=== WHAT THIS TASK INVOLVES ===
Find the line with "2021-22赛季中超大连人球员名单一览" in the entries below. Repeat it, every following line, and the line with "This bracelet is", exactly and with nothing added.

=== AVAILABLE RECORDS ===
::::

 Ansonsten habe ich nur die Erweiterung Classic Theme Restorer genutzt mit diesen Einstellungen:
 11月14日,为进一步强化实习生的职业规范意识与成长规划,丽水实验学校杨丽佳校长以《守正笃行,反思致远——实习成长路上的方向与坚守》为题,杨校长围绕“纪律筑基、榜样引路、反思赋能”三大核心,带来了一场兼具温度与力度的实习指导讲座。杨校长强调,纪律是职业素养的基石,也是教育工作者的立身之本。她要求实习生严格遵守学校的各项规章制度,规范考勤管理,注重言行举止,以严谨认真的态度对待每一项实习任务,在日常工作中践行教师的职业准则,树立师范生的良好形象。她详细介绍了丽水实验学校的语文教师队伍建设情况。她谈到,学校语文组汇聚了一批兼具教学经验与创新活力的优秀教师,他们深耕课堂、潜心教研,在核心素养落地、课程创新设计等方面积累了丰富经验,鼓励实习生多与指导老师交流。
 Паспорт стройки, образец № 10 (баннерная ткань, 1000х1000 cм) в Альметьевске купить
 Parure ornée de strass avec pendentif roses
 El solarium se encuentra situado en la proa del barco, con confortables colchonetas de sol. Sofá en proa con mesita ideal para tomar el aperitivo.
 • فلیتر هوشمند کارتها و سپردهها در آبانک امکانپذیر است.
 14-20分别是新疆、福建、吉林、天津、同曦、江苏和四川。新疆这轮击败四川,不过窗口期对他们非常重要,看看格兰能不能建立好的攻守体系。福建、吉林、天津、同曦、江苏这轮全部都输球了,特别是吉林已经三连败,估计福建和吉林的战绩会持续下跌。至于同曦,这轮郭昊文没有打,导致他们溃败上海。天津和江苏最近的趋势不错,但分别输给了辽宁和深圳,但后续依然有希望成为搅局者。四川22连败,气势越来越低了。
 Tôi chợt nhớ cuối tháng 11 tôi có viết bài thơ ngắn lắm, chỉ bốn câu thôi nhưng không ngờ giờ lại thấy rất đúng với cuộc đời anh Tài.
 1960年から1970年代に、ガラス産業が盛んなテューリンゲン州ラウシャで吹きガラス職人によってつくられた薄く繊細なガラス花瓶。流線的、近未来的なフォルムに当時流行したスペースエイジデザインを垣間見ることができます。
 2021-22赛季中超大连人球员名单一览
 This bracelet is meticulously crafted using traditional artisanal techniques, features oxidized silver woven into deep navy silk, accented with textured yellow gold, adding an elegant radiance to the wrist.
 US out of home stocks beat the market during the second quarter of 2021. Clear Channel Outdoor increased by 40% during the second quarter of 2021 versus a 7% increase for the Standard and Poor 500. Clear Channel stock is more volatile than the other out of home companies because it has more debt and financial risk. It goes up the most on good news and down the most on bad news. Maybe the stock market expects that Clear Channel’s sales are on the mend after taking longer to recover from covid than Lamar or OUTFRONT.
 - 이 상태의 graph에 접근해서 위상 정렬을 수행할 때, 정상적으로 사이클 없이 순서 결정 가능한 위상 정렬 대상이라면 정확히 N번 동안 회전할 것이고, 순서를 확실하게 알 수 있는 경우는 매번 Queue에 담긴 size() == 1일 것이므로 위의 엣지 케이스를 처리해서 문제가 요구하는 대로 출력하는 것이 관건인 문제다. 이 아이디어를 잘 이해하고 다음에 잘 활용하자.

::::

=== ANSWER SECTION ===
 2021-22赛季中超大连人球员名单一览
 This bracelet is meticulously crafted using traditional artisanal techniques, features oxidized silver woven into deep navy silk, accented with textured yellow gold, adding an elegant radiance to the wrist.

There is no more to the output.